Suppose E ≡ px + qy + rz + t = 0 is a plane containing the line L. Let vector n₁ = (a₁, b₁, c₁) and vector n₂ (a₂, b₂, c₂) be the normals to E₁ = 0 and E₂ = 0, respectively. Hence, vector (n₁ x n₂) is parallel to the line L so that (b₁c₂ - b₂c₁ - c₂a₁, a₁b₂ - a₂b₁) are the DRs of the line L. Since one of the DRs is not zero, we consider that a₁b₂ - a₂b₁ ≠ 0. Therefore, the equations a₁x + a₂y = p and b₁x + b₂y = q are uniquely solvable for a non-zero solution and let x = λ₁ and y₁ = λ₂ be the solution. Therefore,

a₁λ₁ + a₂λ₂ = p and b₁λ₁ + b₂λ₂ = q. Let k = r - λ₁c₁ - λ₂c₂ and l = t - λ₁d₁ - λ₂d₂ so that

E ≡ λ₁(a₁x + b₁y + c₁z + d₁) + λ₂(a₂x + b₂y + c₂z + d₂) + kz + l = 0 ...(1)

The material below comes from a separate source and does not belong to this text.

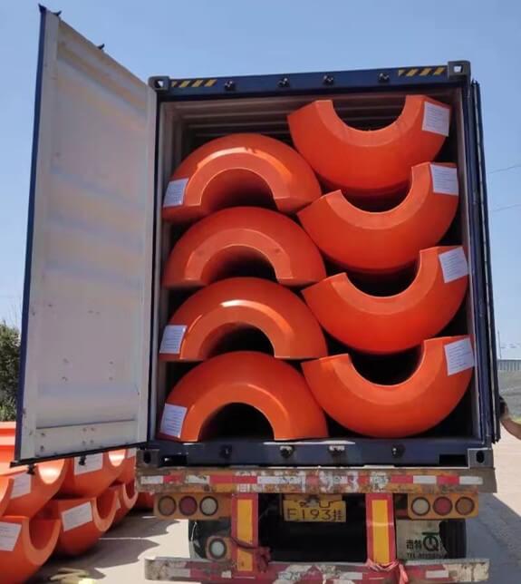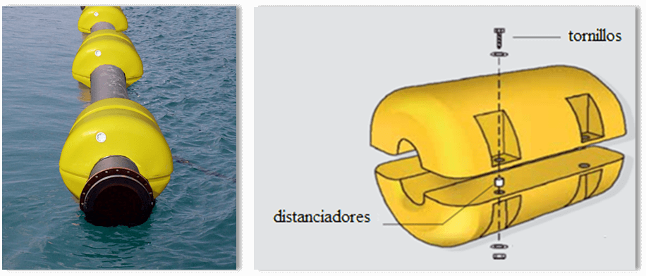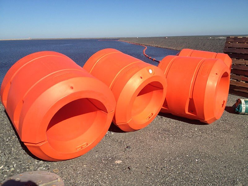 Los flotadores para tuberías tienen un casco rígido y un diseño aerodinámico. Los extremos cónicos en el exterior reducen la resistencia al agua y al viento. Tienen buena flexibilidad y excelente resistencia al impacto, por ello son especialmente adecuados para las instalaciones marinas y fluviales. Ideales para reemplazar a los pontones de acero usados en las aplicaciones de dragado. Tienen una alta resistencia a la corrosión y una vida útil más larga que podrían alcanzar 3 veces más que los pontones de acero.

Suppose P (x₁, y₁, z₁) and Q(x₂, y₂, z₂), where z₁ ≠ z₂, are points on line L. Therefore,

a₁x₁ + b₁y₁ + c₁z₁ + d₁ = 0

and a₂x₁ + b₂y₁ + c₂z₁ + d₂ = 0

so that point P(x₁, y₁, z₁) satisfies the equation E = 0 and similarly point Q(x₂, y₂, z₂) satisfies E = 0 [from Eq. (1)]. Therefore, kz₁ + l = 0, kz₂ + l = 0 and z₁ ≠ z₂

k = 0 and then l = 0. Hence, the equation of the plane E = 0 is of the for λ₁E₁ + λ₂E₂ = 0.